## WORK TASK
All pictures are to be dropped, and the remaining data set down exactly.

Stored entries
Content starts

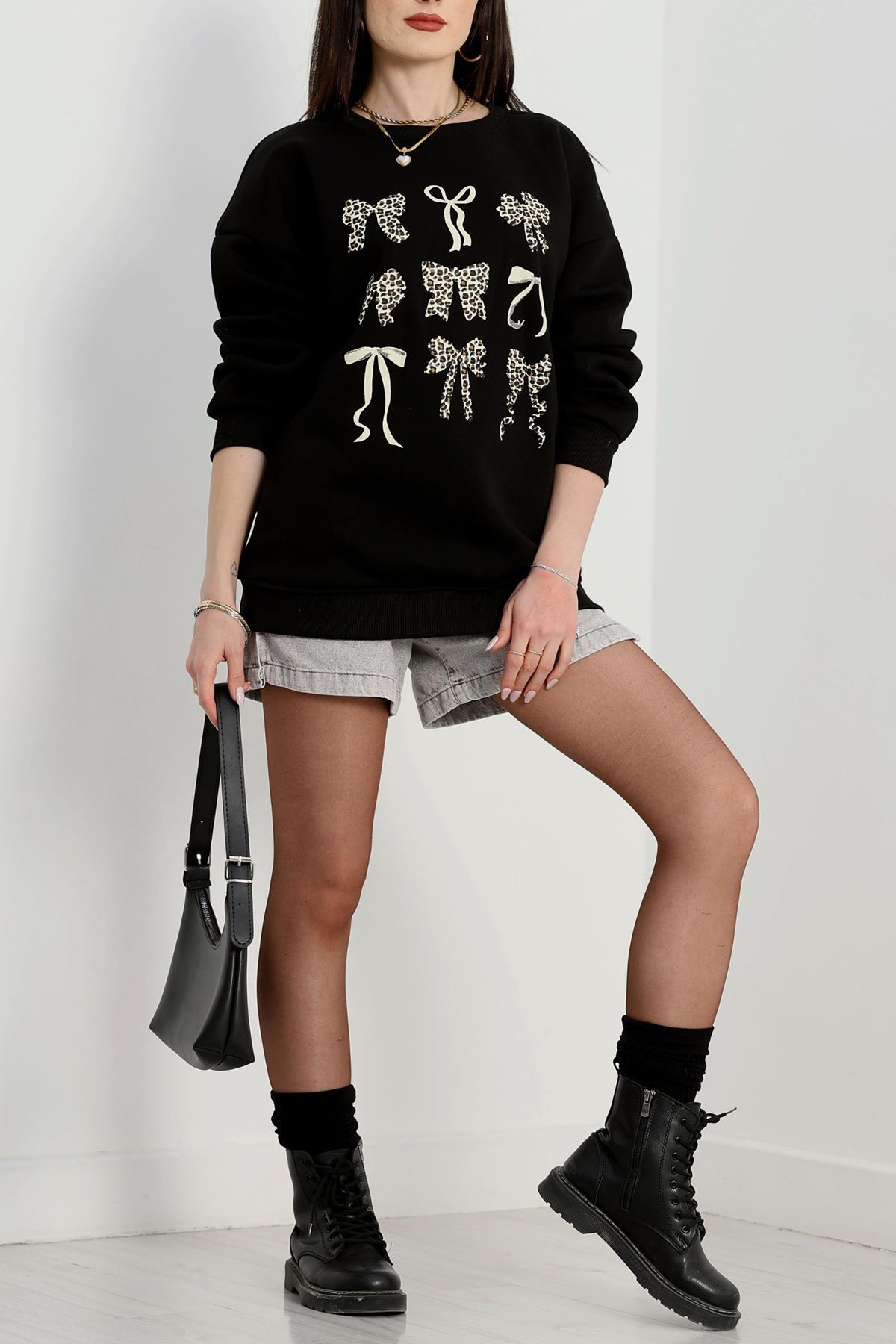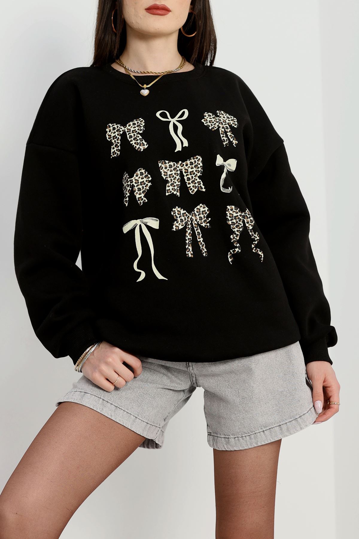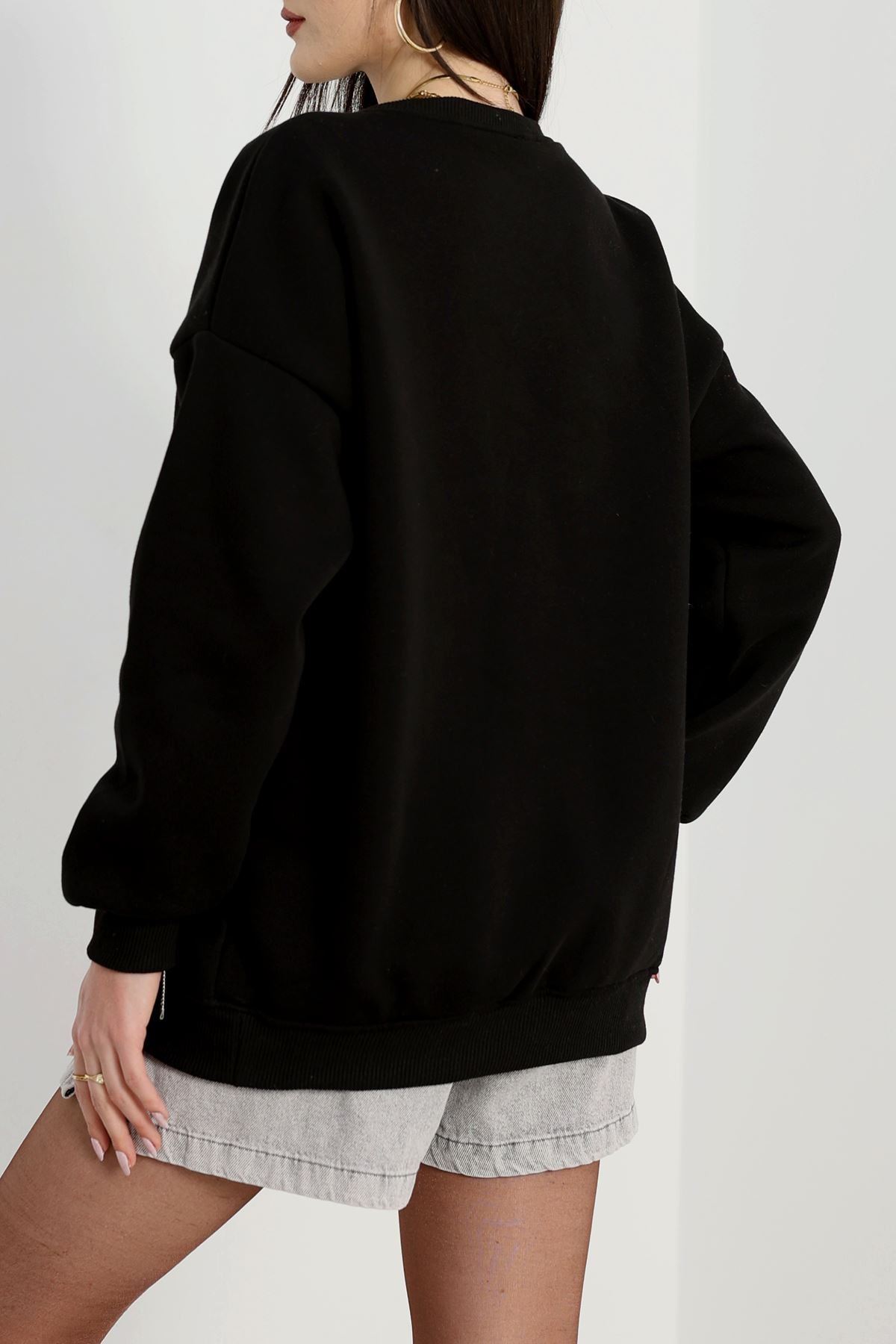 3 İplik Baskılı Sweat Siyah - 42244.1878.
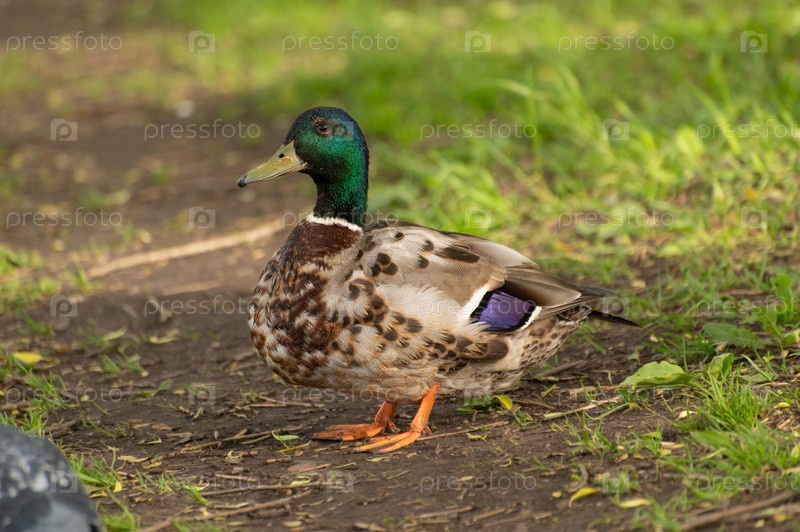 Селезень с зеленой головой собирает еду в траве возле пруда
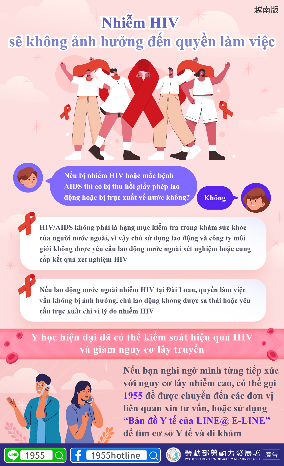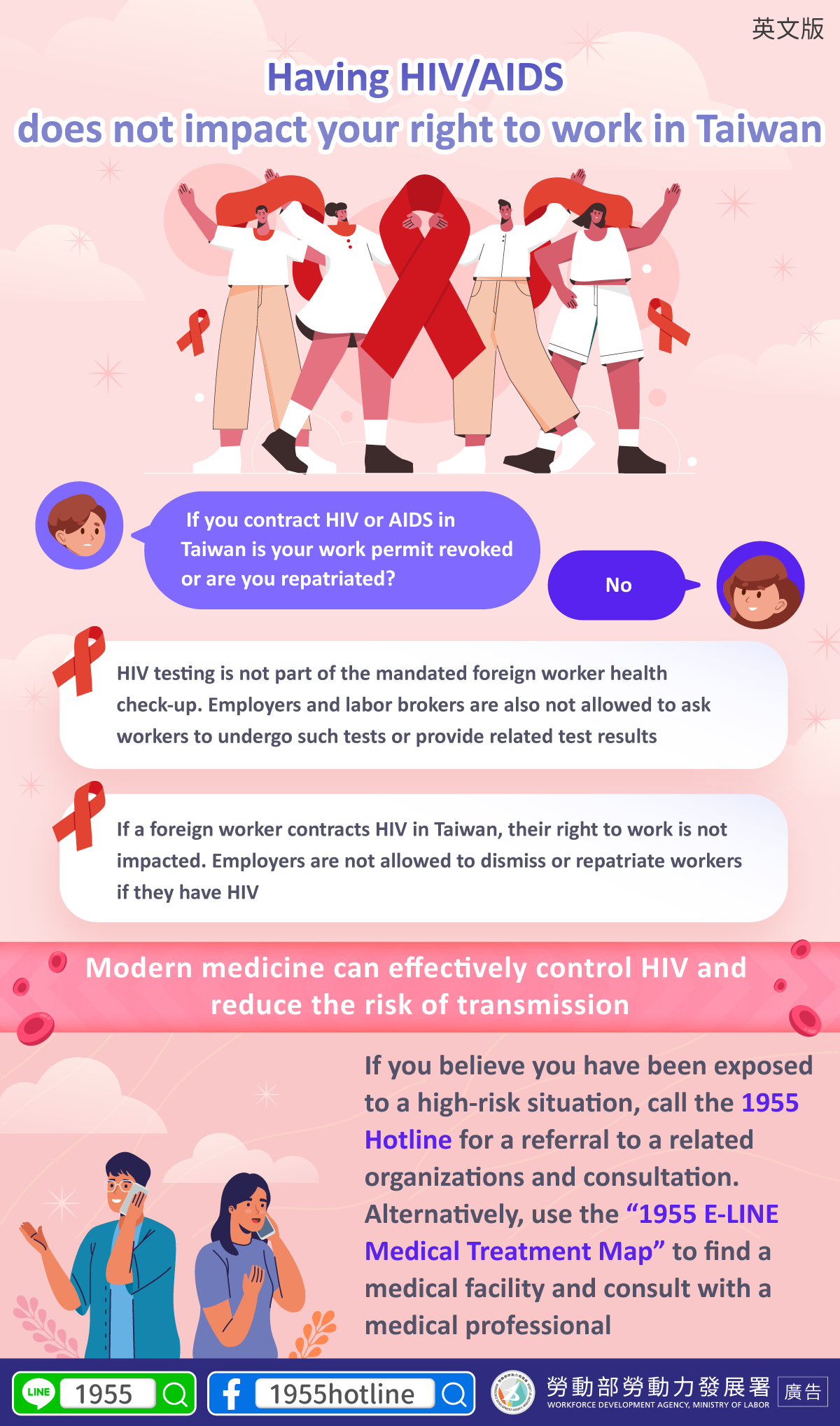 If a foreign worker contracts HIV in Taiwan, their right to work is not impacted. Employers are not allowed to dismiss or repatriate workers if they have HIV
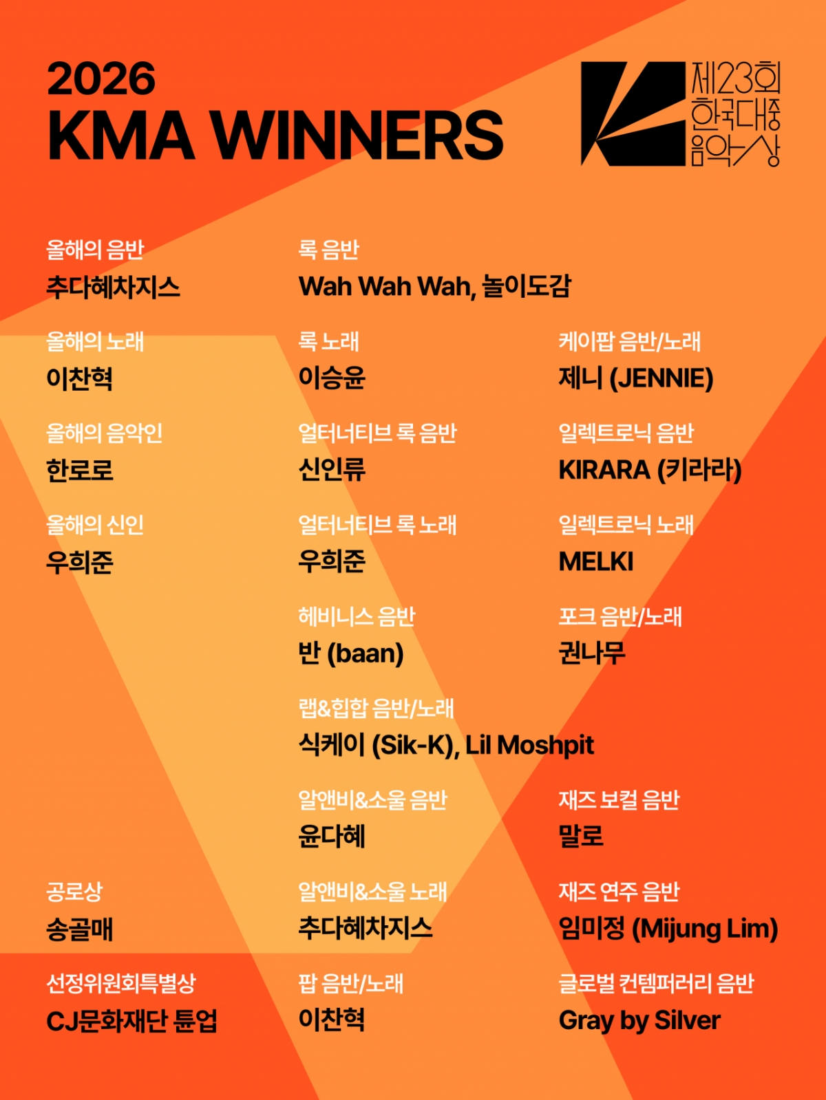 올해의 음악인은 한로로가 차지했으며 추다혜차지스는 '올해의 음반'과 함께 '최우수 알앤비&소울-노래' 부문에 선정되며 2관왕에 올랐다.
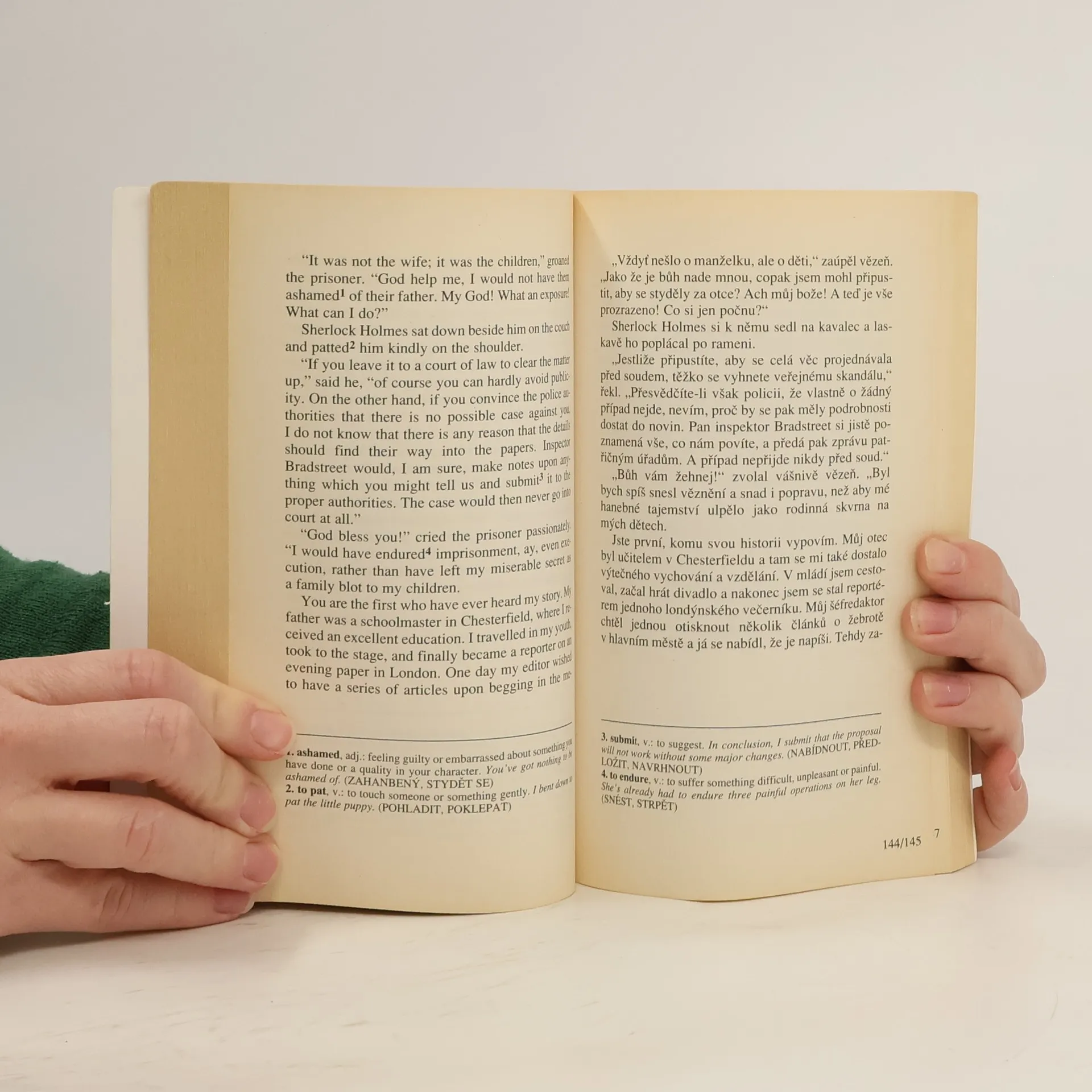 Dvojjazyčné vydání s komentářem obsahuje tři klasické případy detektiva z Baker Street: Pět pomerančových jadérek, Ohyzdný žebrák, Modrá karbunkule. Nekrácený text s komentářem. Dvojjazyčné vydání: cz-eng
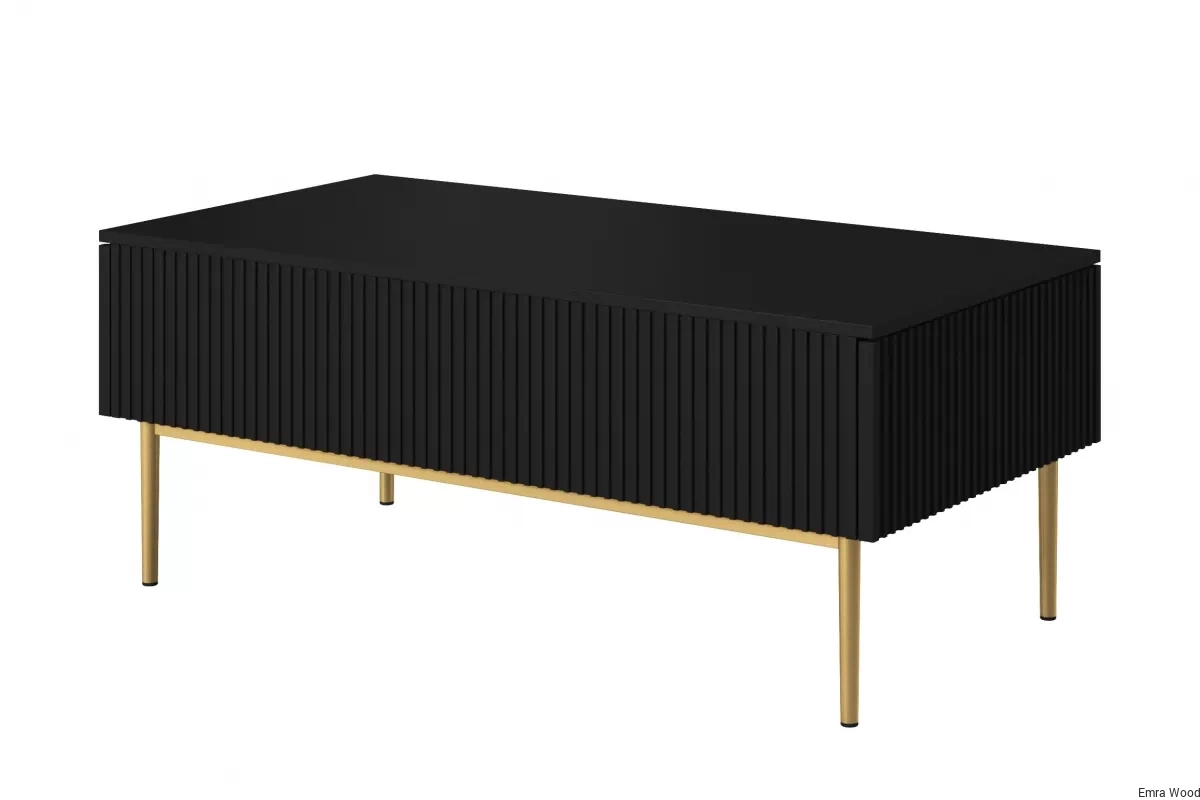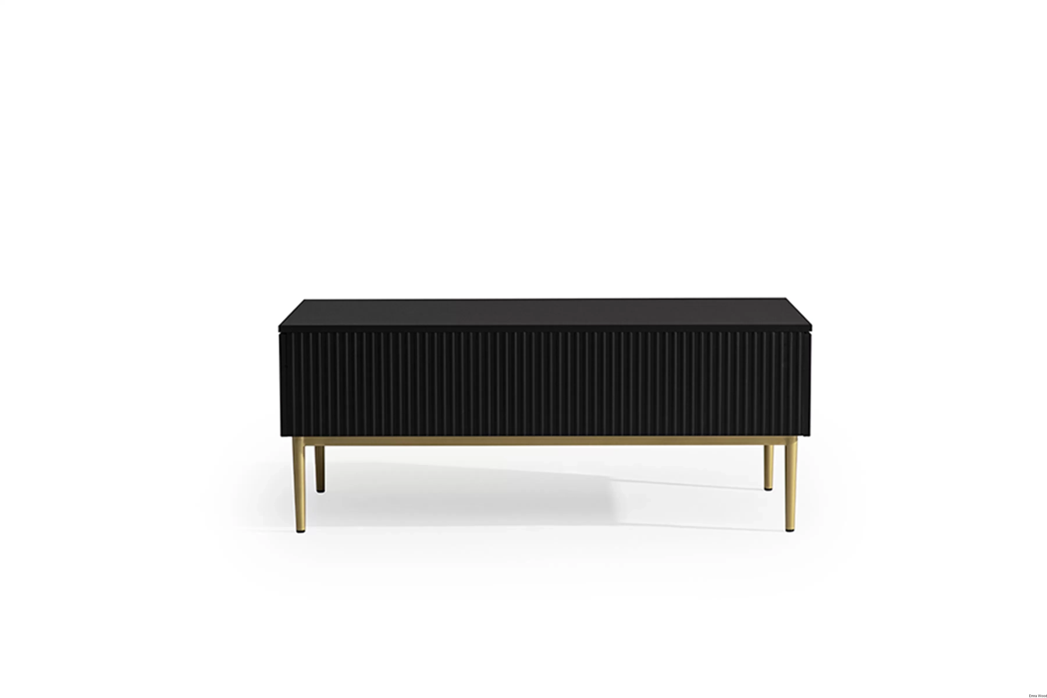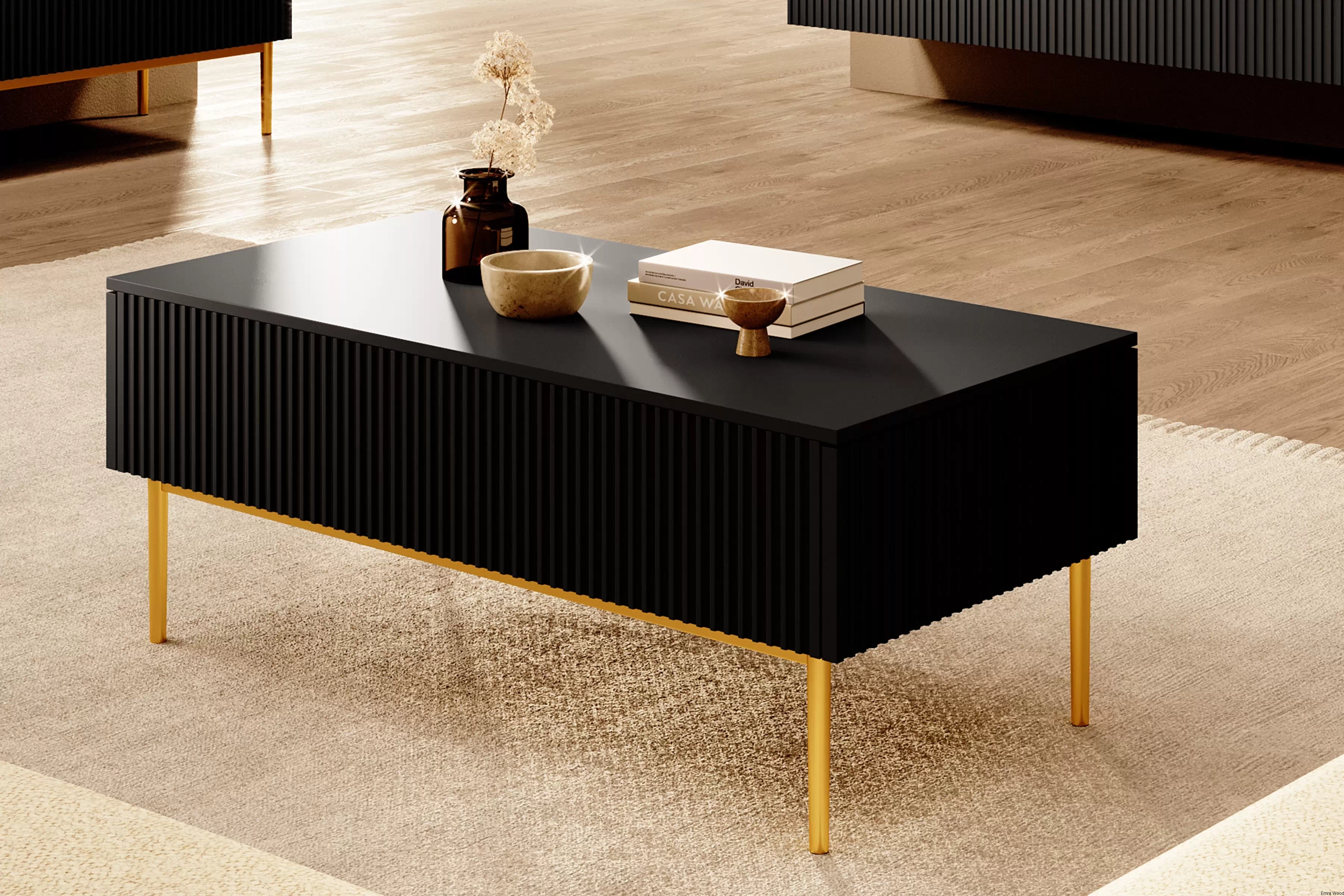 Stolik kawowy Nicole zaskakuje swoją zdecydowaną, ciemną kolorystyką. Czarny mat na froncie i korpusie wprowadza do pomieszczenia niepowtarzalny, elegancki charakter. Złote metalowe nóżki stanowią eleganckie dopełnienie konstrukcji, dodając meblowi niebanalnego wyglądu.

Content ends

## ANSWER SECTION
 3 İplik Baskılı Sweat Siyah - 42244.1878.
 Селезень с зеленой головой собирает еду в траве возле пруда
 If a foreign worker contracts HIV in Taiwan, their right to work is not impacted. Employers are not allowed to dismiss or repatriate workers if they have HIV
 올해의 음악인은 한로로가 차지했으며 추다혜차지스는 '올해의 음반'과 함께 '최우수 알앤비&소울-노래' 부문에 선정되며 2관왕에 올랐다.
 Dvojjazyčné vydání s komentářem obsahuje tři klasické případy detektiva z Baker Street: Pět pomerančových jadérek, Ohyzdný žebrák, Modrá karbunkule. Nekrácený text s komentářem. Dvojjazyčné vydání: cz-eng
 Stolik kawowy Nicole zaskakuje swoją zdecydowaną, ciemną kolorystyką. Czarny mat na froncie i korpusie wprowadza do pomieszczenia niepowtarzalny, elegancki charakter. Złote metalowe nóżki stanowią eleganckie dopełnienie konstrukcji, dodając meblowi niebanalnego wyglądu.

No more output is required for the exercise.